Even those who love inspirational sports films might have to flinch from “My All American,” a movie so square, conservative and humorless that it winds up playing like a brutally straight-faced “South Park” parody of gridiron schmaltz, particularly in its last half hour, when the male weepie plot finally kicks in.
Based on a true story, “My All American” was written and directed by Angelo Pizzo, who wrote the screenplays for two beloved sports pictures, “Hoosiers” (1986) and “Rudy” (1993). In the latter, Sean Astin‘s Rudy was too small to play football but was determined to get on the field through sheer will to win and team spirit. In “My All American,” Freddie Steinmark (Finn Wittrock) is also a little too short to be playing football but, you guessed it, his team spirit is so overwhelming that he gets himself accepted to play for the Longhorns at the University of Texas in the late 1960s.

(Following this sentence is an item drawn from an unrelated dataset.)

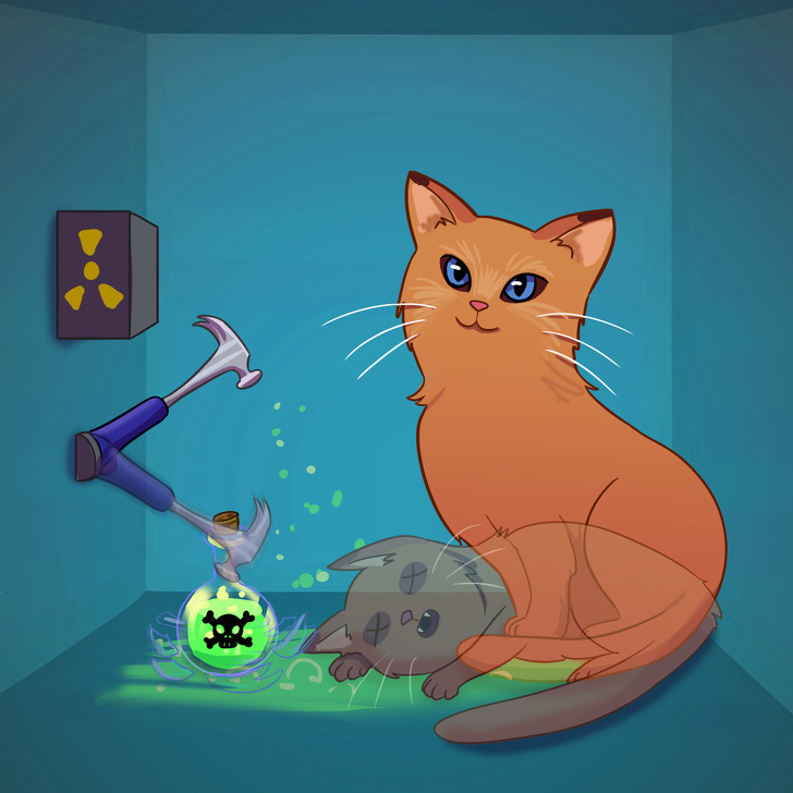 - Якщо ядро розпадеться, котику не пощастить. Тому що розпад ядра буде зафіксований лічильником Гейгера, спрацює реле, і спеціальний молоточок розіб'є ампулу з токсичним газом. Кіт мертвий.

In contemporary framing scenes, Coach Darrell Royal (Aaron Eckhart in laughable old age make-up) tells the tale of Freddie’s legendary team spirit to a curious reporter, and it cannot be said that this story is filled with much color or incident. Freddie’s Dad (Michael Reilly Burke) could have been a major league baseball player if an injury hadn’t sidelined him, and so he drives his son hard to succeed and achieve on the sports field, yet Freddie feels only blind respect and loyalty toward him.

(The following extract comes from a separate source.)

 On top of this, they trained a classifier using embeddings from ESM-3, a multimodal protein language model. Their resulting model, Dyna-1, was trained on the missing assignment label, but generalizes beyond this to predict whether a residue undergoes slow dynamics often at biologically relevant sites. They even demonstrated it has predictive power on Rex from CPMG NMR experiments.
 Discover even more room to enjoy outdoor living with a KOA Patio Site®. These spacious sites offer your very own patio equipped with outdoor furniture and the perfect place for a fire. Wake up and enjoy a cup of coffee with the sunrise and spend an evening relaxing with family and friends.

Pizzo tips his hand in these early scenes by staging a family meal in the Steinmark home like some conservative daydream of peace and stability, and he doesn’t stop there: There are many scenes in “My All American” that represent blue-state pandering of the most obnoxious sort, like when the Coach says of New York, “Aw hell, I’ve never liked those big cities,” which is clearly meant to get a laugh of approval.
When the Steinmarks watch Freddie play ball on TV, they reverently applaud when President Nixon’s helicopter lands near the football field. Even more objectionable than this is a low camp scene where Freddie’s best friend Bobby Mitchell (Rett Terrell) tears up a protest sign and physically threatens some stereotyped hippie protesters after his brother gets killed in Vietnam.
Back in their dorm room, the religious Freddie, who goes to mass every morning, counsels Bobby to pray for guidance even if he isn’t religious. In this scene, Wittrock does come across as one of those over-intense college guys who always wants you to go to church with them, but this role gives him nothing at all with which to work.
Last year as the psychopathic Dandy Mott on the FX series “American Horror Story: Freak Show,” Wittrock got to show off devilishly impressive amounts of actorly inventiveness, and as the season went on he added layered little curlicues of humor and menace, going way over the top in a grounded and intelligent way, so that you could tell that he was a trained actor who has worked regularly in the theater. In “My All American,” you would never know that Wittrock had such talent and fun in him. He seems like a young Tom Cruise here, eerily over-intense about everything, whether he’s wooing his girlfriend Linda (Sarah Bolger), praying, football training, or even tying his shoelaces.
Wittrock’s Dandy is still fresh for fans of “American Horror Story,” but we may need some reminding at this point that Eckhart got his start headlining acidic Neil LaBute movies in the late 1990s like “In the Company of Men” (1997) and “Your Friends & Neighbors” (1998). For those who remember those pictures, it is easy to wonder just how Eckhart can keep his poker face on during so many of his awful scenes here. His Coach Royal doesn’t have to give too many pep talks to the team, but he does have to deliver some gag-worthy lines: “You run like you have minnows in your pants,” the Coach muses to Freddie before accepting him on the team. Waxing faux heartland-lyrical over his wife, who was once his school sweetheart, the Coach tells Freddie, “I fell in love with her faster than a hiccup.”
Aside from these howlers, “My All American” also has serious structural problems. It takes an hour and a half of playing time to get to the main drama, and that 90 minutes is filled with mainly aimless football, lengthy and painfully generic courtship scenes between Freddie and Linda, and very little else. This is a movie that is confident in clean living, blinkered righteousness, and manly sentimentality, and it is shamed by some brief footage of the real Freddie at the end, an actual person whose story has been diminished by this slack, dawdling, offensive film.